Четвертый призрак ко мне подходить не торопился, показываться не хотел. Меня это вполне бы устраивало, если бы не странность. Он необычно пах: застаревший табак смешивался с горчащим запахом, присущим нежити. И магические потоки его присутствие возмущало иначе. Так, будто он был больше нежитью, чем призраком. Я решила, что он поэтому не подходил — острей боялся моего фонаря.
Прислушиваясь к ощущениям, я спокойно, даже медленно подошла к границе крепости. Давала призраку шанс решиться на разговор, раз уж он меня нашел. Шаг в безопасность — за моей спиной всколыхнулись потоки.
— Госпожа! — мужской голос, прокуренный.
Я повернулась. Свет моего фонаря пересек незримую черту, отделяющую крепость от остального мира. Уже знакомый призрак сержанта пограничников отпрянул от зеленоватых лучей. Как нежить.
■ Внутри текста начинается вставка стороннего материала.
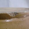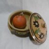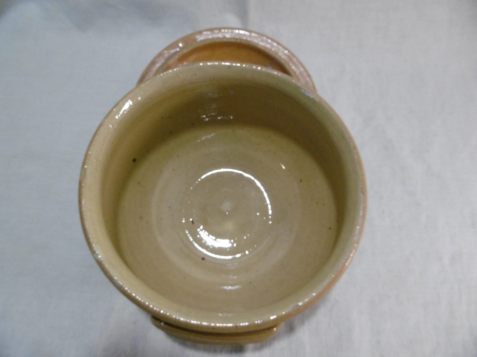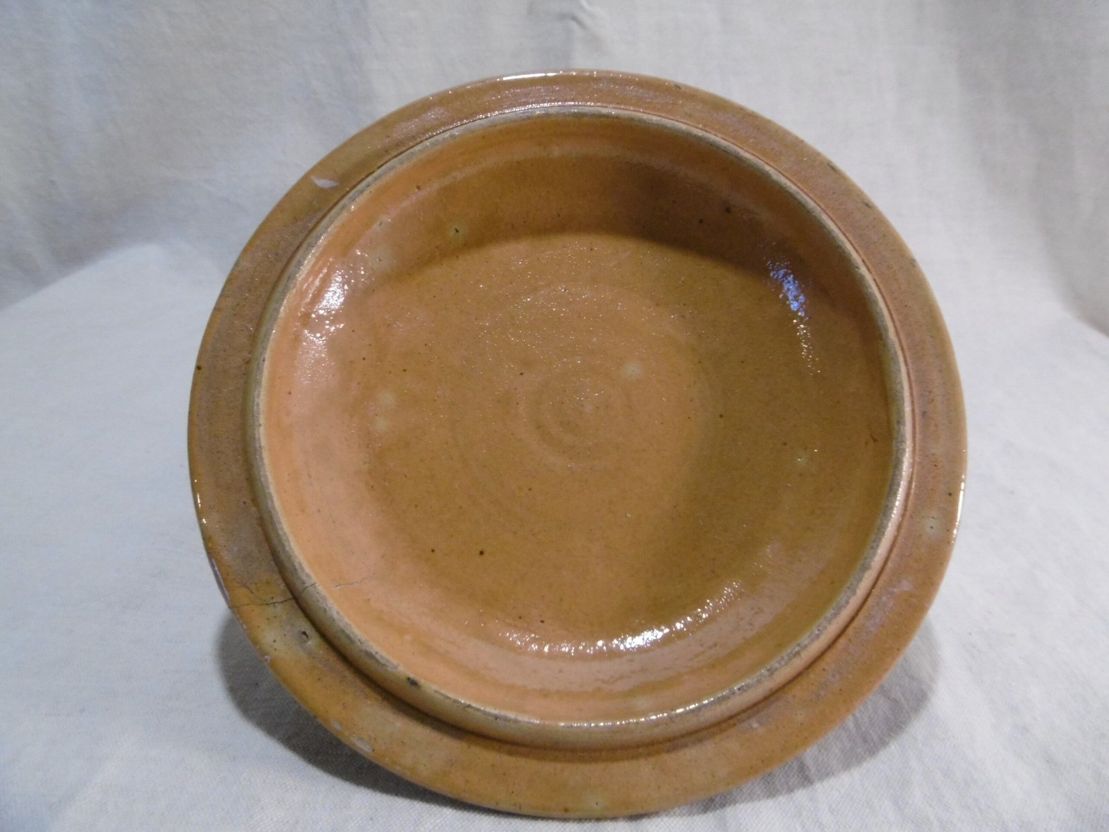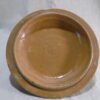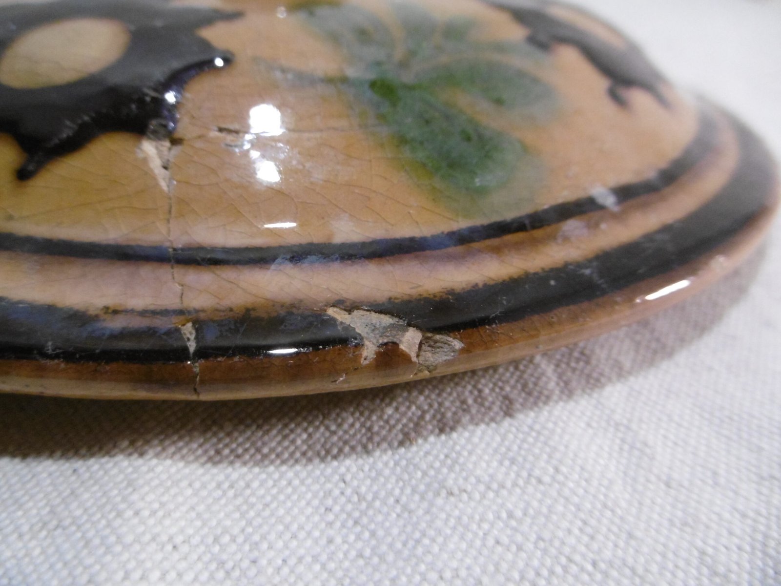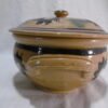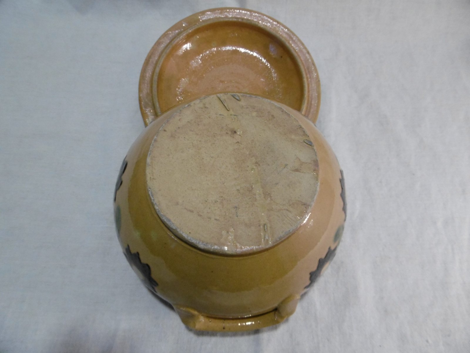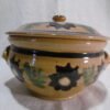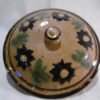 Plat rond vernissé à l’intérieur en beige/jaune, ainsi qu’à l’extérieur avec un décor de fleurs marron et feuillages verts. Le bord du couvercle et le haut du pot sont cerclés de marron.

— Госпожа, — мужчина с пушистыми усами посмотрел мне в глаза и спросил с надеждой, — ты можешь сделать его счастливым?
— Постараюсь, — уклончиво ответила я. Вряд ли призраку понравилось бы мое признание в том, что и Фонсо, и я станем счастливы через три года. Когда разведемся.
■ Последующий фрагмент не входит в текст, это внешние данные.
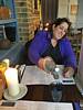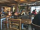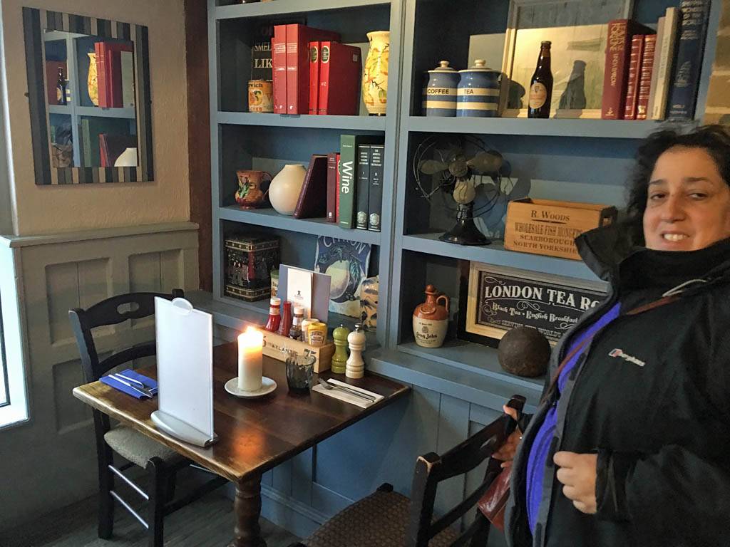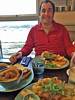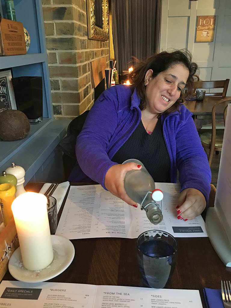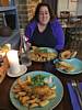 Settling into a nice corner table in the Atlantic Inn. | Our table view across Town Beach. | Water and menus. | Delicious fish and chips! |

— Пожалуйста! Я так хочу, чтобы он был счастлив!
Та же интонация, повтор услышанной мною в церкви фразы слово в слово. Какая странная навязчивость мысли для призрака. Такая характерна для нежити.
— Твое имя, сержант! — скомандовала я.
— Он должен быть счастливым. Он заслуживает! — не сводя с меня глаз, горячо говорил призрак. — Пойми, госпожа!
— Я понимаю. Назови свое имя!
— Не надо, чтобы он знал, что я о нем просил. Он гордый, он неправильно поймет, — сержант покачал головой и растаял в воздухе.
Астральный след растворился — странный, исключительно странный призрак действительно ушел. Какой, однако, удивительный доброжелатель у моего мужа…
Поездку в Хомлен пришлось отложить. Тэйка кашляла, постоянно терла нос и выглядела больной. Жара, к счастью, не было, а капризы Эстасу больше нравилось объяснять плохим самочувствием дочери, а не проснувшимся дурным нравом. Тэйка хотела лежать в постели, слушать сказки и обнимать куклу. Не такое плохое времяпрепровождение в пасмурный зимний день, когда тучи цепляются за горы и заунывно стонет ветер.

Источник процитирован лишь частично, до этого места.